[Start of Attachment]

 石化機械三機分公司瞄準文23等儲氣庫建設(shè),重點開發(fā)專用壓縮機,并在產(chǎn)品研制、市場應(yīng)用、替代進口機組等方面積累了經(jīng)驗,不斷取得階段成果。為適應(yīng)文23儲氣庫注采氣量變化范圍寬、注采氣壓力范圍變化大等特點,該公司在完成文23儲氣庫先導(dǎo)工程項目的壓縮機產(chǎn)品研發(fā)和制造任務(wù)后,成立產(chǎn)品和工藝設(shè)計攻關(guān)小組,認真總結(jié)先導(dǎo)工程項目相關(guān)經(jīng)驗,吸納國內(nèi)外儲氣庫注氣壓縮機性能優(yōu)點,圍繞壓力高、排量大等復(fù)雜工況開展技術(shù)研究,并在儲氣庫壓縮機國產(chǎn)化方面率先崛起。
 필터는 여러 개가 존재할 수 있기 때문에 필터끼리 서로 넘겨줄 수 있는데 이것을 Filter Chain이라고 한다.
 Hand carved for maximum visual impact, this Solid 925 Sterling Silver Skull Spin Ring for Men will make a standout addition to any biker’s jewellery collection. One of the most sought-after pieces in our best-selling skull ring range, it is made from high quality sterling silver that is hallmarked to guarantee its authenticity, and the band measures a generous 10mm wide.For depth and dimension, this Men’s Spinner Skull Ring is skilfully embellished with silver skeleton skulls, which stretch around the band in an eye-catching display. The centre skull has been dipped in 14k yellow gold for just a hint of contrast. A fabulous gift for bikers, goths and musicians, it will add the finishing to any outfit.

[End of Attachment]
[Start of Attachment]

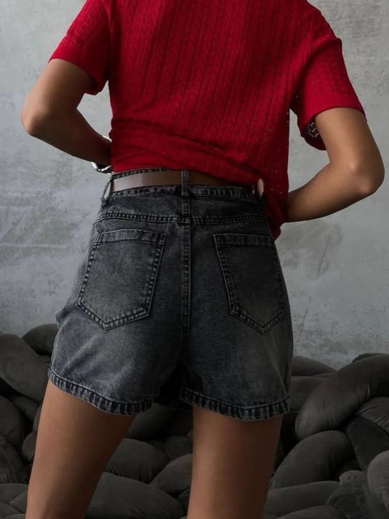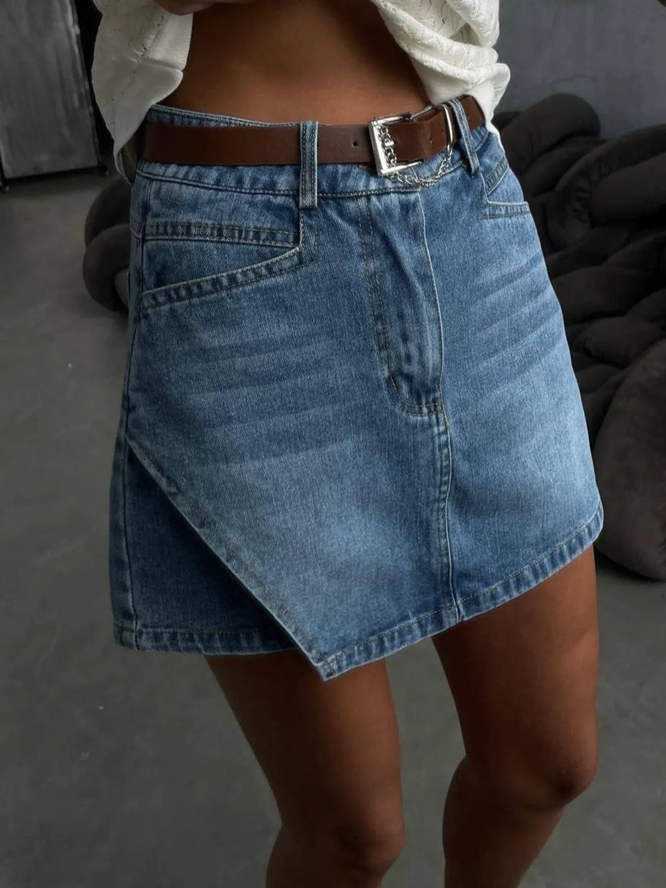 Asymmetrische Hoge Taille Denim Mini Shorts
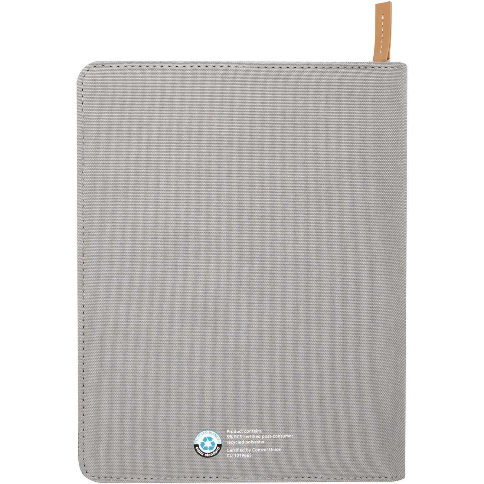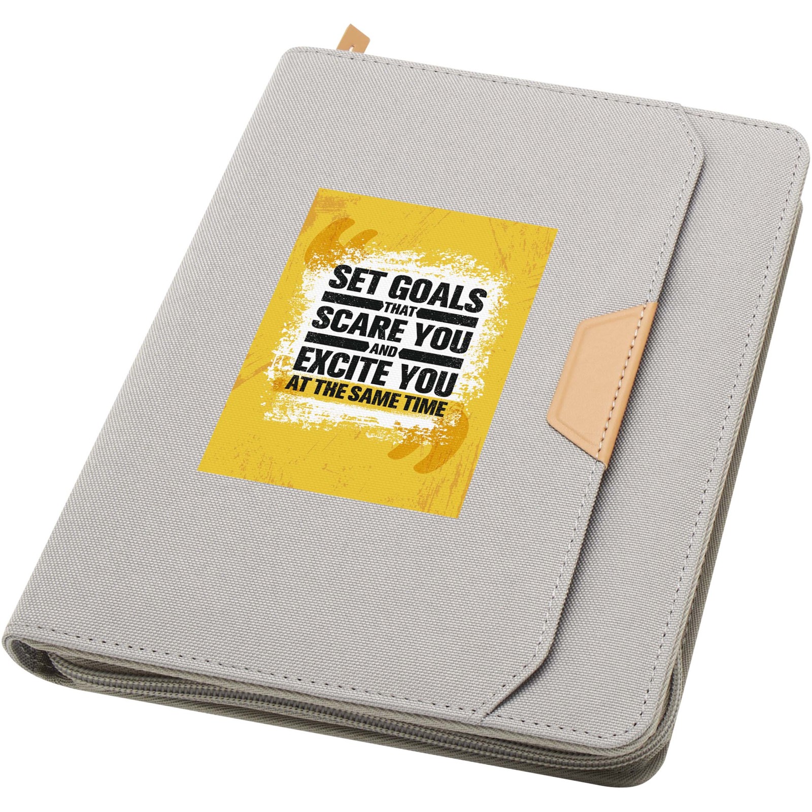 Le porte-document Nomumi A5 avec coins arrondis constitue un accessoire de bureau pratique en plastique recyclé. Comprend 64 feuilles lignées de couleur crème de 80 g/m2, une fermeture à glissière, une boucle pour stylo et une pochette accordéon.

[End of Attachment]
[Start of Attachment]

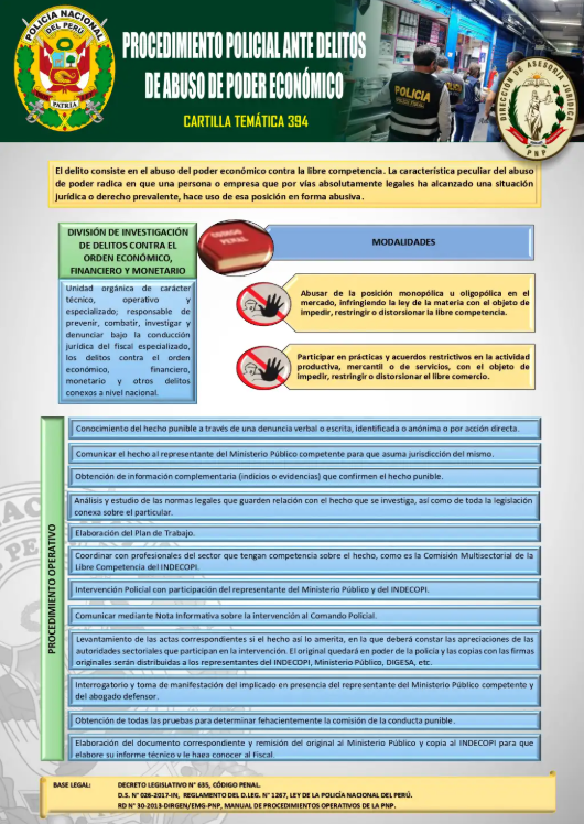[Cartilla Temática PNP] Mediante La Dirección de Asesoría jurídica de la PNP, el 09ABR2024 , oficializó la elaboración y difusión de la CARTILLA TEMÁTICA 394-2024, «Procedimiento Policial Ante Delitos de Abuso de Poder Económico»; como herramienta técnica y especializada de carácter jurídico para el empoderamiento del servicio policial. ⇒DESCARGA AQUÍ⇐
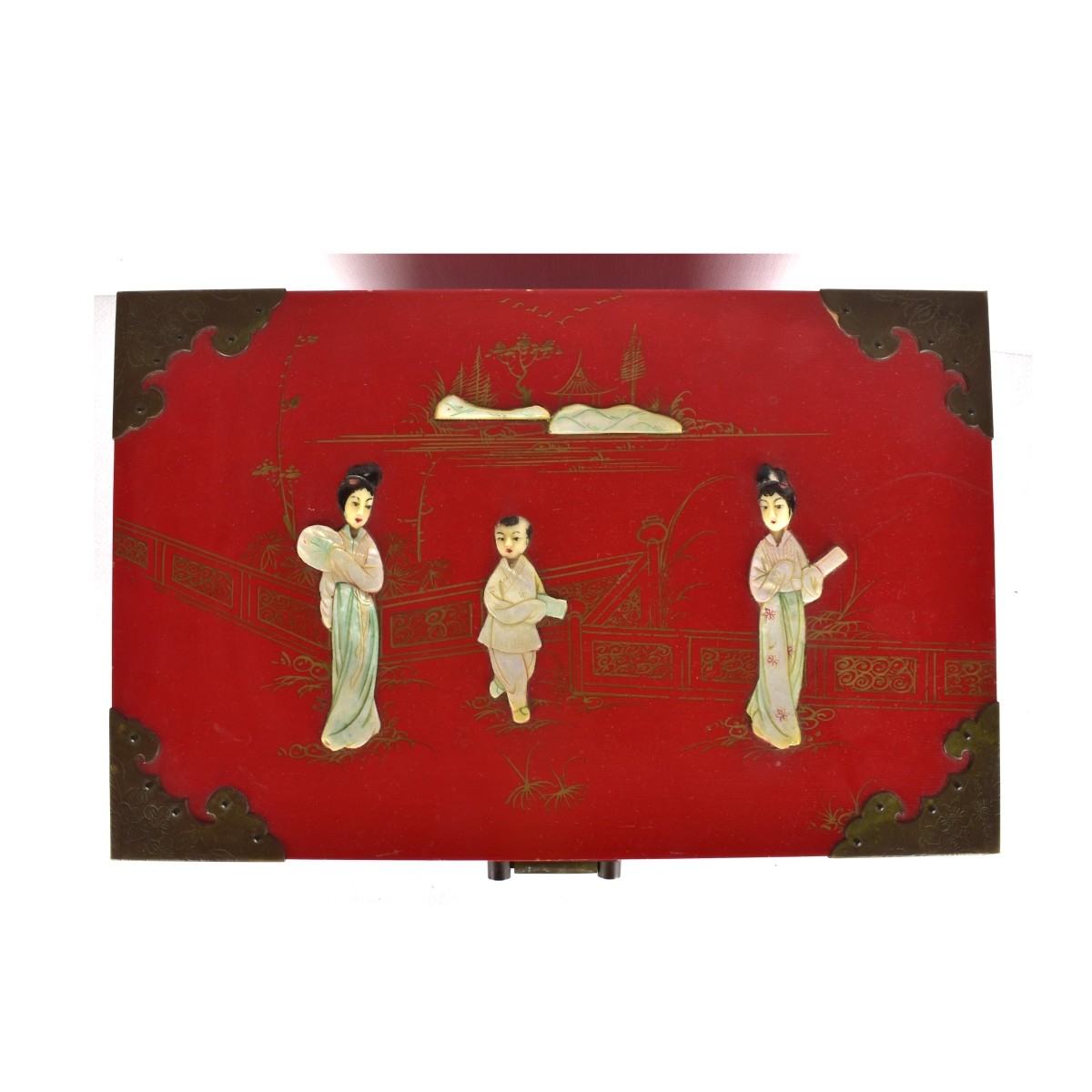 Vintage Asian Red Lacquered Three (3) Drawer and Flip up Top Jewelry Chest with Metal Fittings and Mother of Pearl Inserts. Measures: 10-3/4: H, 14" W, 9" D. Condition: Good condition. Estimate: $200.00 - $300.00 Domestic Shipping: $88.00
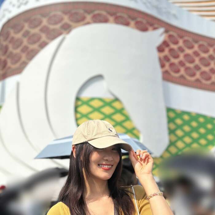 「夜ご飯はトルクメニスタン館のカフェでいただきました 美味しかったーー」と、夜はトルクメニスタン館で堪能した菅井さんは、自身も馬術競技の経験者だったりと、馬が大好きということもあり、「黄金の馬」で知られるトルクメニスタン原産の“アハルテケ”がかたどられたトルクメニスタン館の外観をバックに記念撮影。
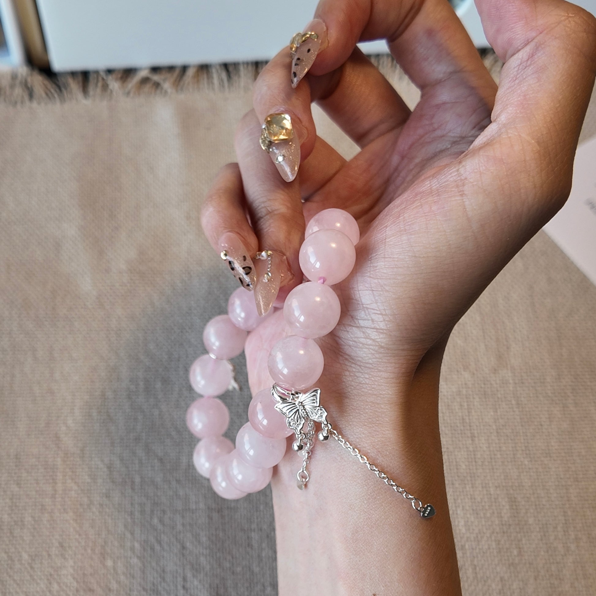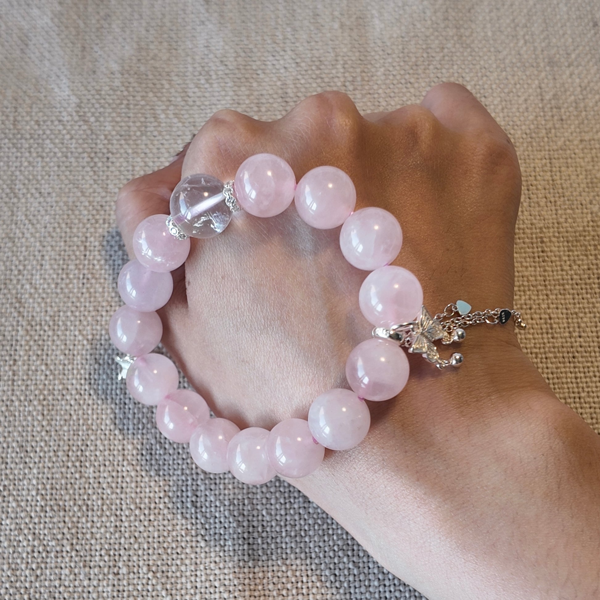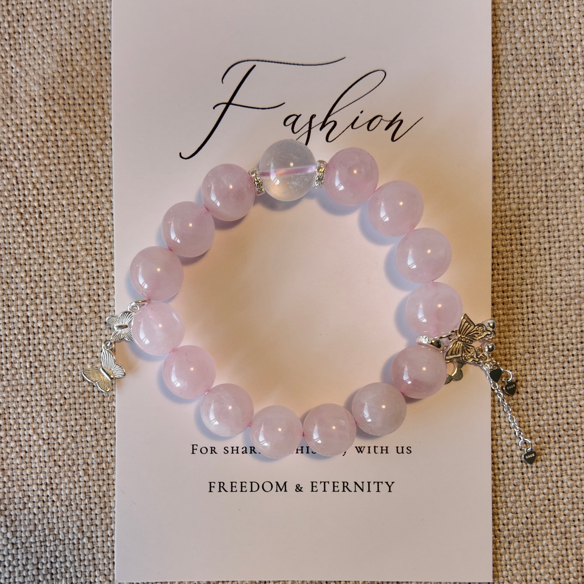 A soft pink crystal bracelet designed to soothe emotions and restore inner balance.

[End of Attachment]

**WORK TASK**
Given the entries above, transcribe exactly the lines from the one holding "[Cartilla Temática PNP]" through the one holding "A soft pink"; pictures do not belong in the transcription.

**ANSWER TO THIS EXERCISE**
[Cartilla Temática PNP] Mediante La Dirección de Asesoría jurídica de la PNP, el 09ABR2024 , oficializó la elaboración y difusión de la CARTILLA TEMÁTICA 394-2024, «Procedimiento Policial Ante Delitos de Abuso de Poder Económico»; como herramienta técnica y especializada de carácter jurídico para el empoderamiento del servicio policial. ⇒DESCARGA AQUÍ⇐
 Vintage Asian Red Lacquered Three (3) Drawer and Flip up Top Jewelry Chest with Metal Fittings and Mother of Pearl Inserts. Measures: 10-3/4: H, 14" W, 9" D. Condition: Good condition. Estimate: $200.00 - $300.00 Domestic Shipping: $88.00
 「夜ご飯はトルクメニスタン館のカフェでいただきました 美味しかったーー」と、夜はトルクメニスタン館で堪能した菅井さんは、自身も馬術競技の経験者だったりと、馬が大好きということもあり、「黄金の馬」で知られるトルクメニスタン原産の“アハルテケ”がかたどられたトルクメニスタン館の外観をバックに記念撮影。
 A soft pink crystal bracelet designed to soothe emotions and restore inner balance.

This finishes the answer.